* **Try it**
Type out the whole listing again exactly, pictures omitted.

* **Information shown**
*-*-*
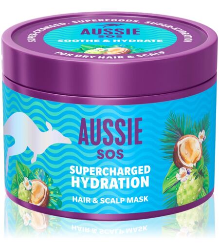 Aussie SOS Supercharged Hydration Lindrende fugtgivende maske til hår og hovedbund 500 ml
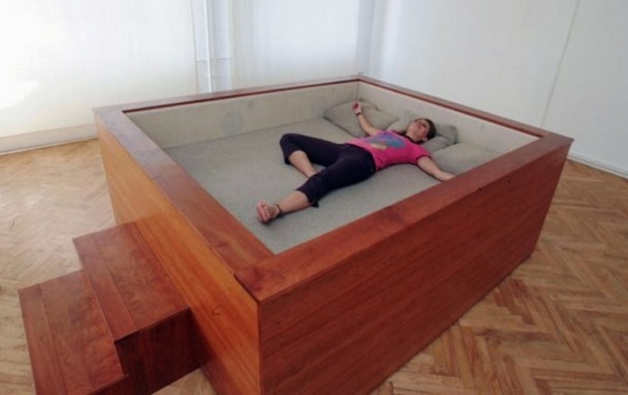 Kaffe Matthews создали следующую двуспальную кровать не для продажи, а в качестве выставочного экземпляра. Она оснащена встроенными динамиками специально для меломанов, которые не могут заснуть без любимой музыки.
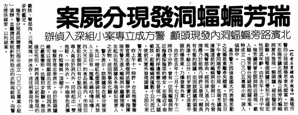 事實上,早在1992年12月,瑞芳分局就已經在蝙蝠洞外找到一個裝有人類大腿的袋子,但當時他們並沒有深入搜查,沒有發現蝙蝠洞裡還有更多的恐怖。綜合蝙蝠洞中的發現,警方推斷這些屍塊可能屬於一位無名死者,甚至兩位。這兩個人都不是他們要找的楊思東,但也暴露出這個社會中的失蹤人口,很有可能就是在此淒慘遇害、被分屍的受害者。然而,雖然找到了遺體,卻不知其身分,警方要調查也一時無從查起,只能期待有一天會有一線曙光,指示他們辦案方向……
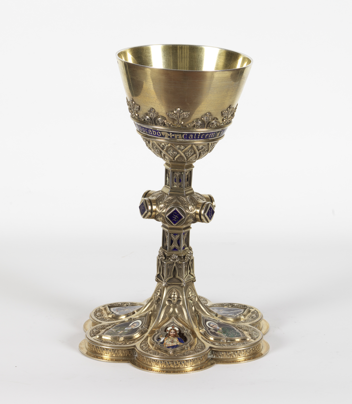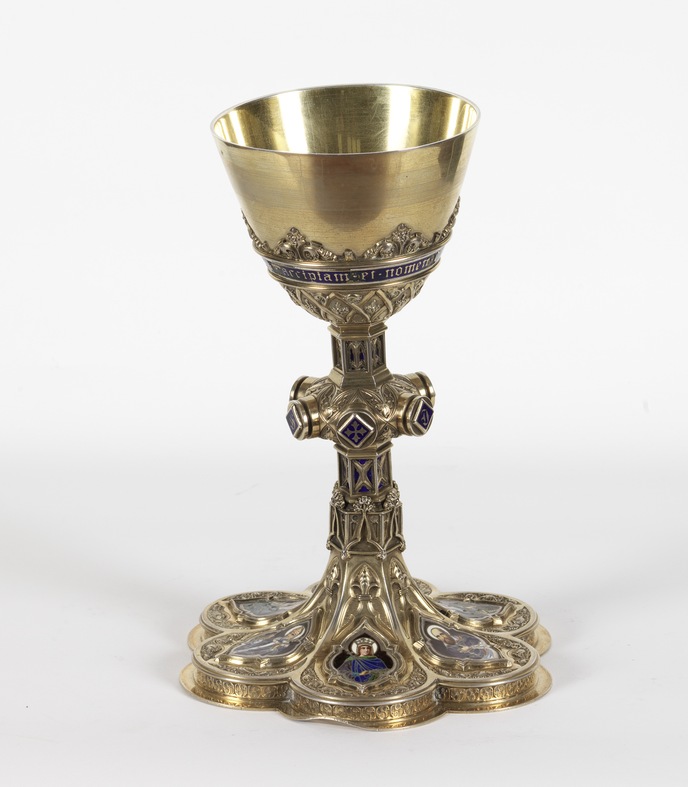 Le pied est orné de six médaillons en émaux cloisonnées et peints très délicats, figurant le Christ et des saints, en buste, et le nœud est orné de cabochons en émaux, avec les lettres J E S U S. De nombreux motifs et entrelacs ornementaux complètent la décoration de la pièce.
*-*-*
* **Answer space**
 Aussie SOS Supercharged Hydration Lindrende fugtgivende maske til hår og hovedbund 500 ml
 Kaffe Matthews создали следующую двуспальную кровать не для продажи, а в качестве выставочного экземпляра. Она оснащена встроенными динамиками специально для меломанов, которые не могут заснуть без любимой музыки.
 事實上,早在1992年12月,瑞芳分局就已經在蝙蝠洞外找到一個裝有人類大腿的袋子,但當時他們並沒有深入搜查,沒有發現蝙蝠洞裡還有更多的恐怖。綜合蝙蝠洞中的發現,警方推斷這些屍塊可能屬於一位無名死者,甚至兩位。這兩個人都不是他們要找的楊思東,但也暴露出這個社會中的失蹤人口,很有可能就是在此淒慘遇害、被分屍的受害者。然而,雖然找到了遺體,卻不知其身分,警方要調查也一時無從查起,只能期待有一天會有一線曙光,指示他們辦案方向……
 Le pied est orné de six médaillons en émaux cloisonnées et peints très délicats, figurant le Christ et des saints, en buste, et le nœud est orné de cabochons en émaux, avec les lettres J E S U S. De nombreux motifs et entrelacs ornementaux complètent la décoration de la pièce.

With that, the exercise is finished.